И, кажется, её отъезд к родителям. Навечно, Эрик, понимаешь?! Ты вообще слышишь? Я собираю вещи, видишь! Прекрати улыбаться, я не шучу!
Внезапно недовольно изнутри толкнулся будущий малыш. Сара, охнув скорее от неожиданности, чем от чего – то ещё, потёрла поясницу, села на кровать, вытянула ноги, враз затекшие.
– Генри, тихонько! Мама ещё не привыкла к такому…
Муж, не сводящий с неё взгляда и забавляющийся тем, как она, вещь за вещью, набивает до отказа маленький чемоданчик, подошёл к ней:
– Генри… пф… У нас дочь, София!
Эрик сел на корточки, принялся стягивать с ног жены изящные туфельки:
– Ты уже передумала спасаться бегством, как я погляжу? – он глянул на неё искрящимися глазами.
Сара повела ногой, высвобождая её их рук Говарда.
– Вот захочу и сбегу! —упрямо заявила она. —Мы сбежим!
Она положила одну руку сверху живота, а вторую – снизу.
– Взбалмошная бунтарка! – буркнул вполголоса Эрик. – София, твоя мама чудит сегодня!
– Генри, а твой отец никак не может смириться, что ты мальчик! – она не выдержала и расхохоталась, а следом добавила: -Не верит тому, кто знает!
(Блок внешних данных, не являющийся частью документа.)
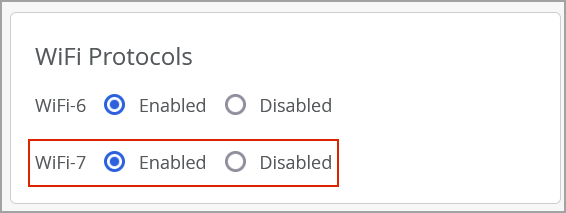 You can enable or disable Wi-Fi 7 per WLAN from the WLAN configuration page. This option applies to Access Points that support Wi-Fi 7 and has no impact on APs that do not support Wi-Fi 7.
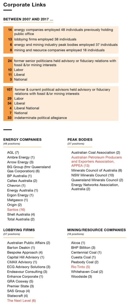 The industries in question either hire former ministerial staffers and policy analysts with relevant knowledge and expertise to advise them, or they encourage their own former staffers to take on positions as government advisers while maintaining close links with them. When acting as staffers, these individuals are free to operate outside of public scrutiny and regulatory reach. This allows them to move seamlessly between the offices of powerful political figures and some of Australia’s largest resource companies and industry bodies.

– А мы собираемся остановиться на одном ребёнке? – поинтересовался мужчина, вставая на ноги, оставив попытку снять с Сары обувь, дать отдых её ногам.
– Ни за что! – отозвалась его жена.
– Тогда Генри ты назовёшь нашего второго ребёнка, который будет мальчишкой!
Он посмотрел Саре в глаза:
– А сейчас ты носишь нашу Софию!
– Упрямец! – снова расхохоталась Говард, жизнерадостная и цветущая.
***
Всё случилось так быстро, что они и не поняли, в какой момент рухнула их тщательно оберегаемая мечта.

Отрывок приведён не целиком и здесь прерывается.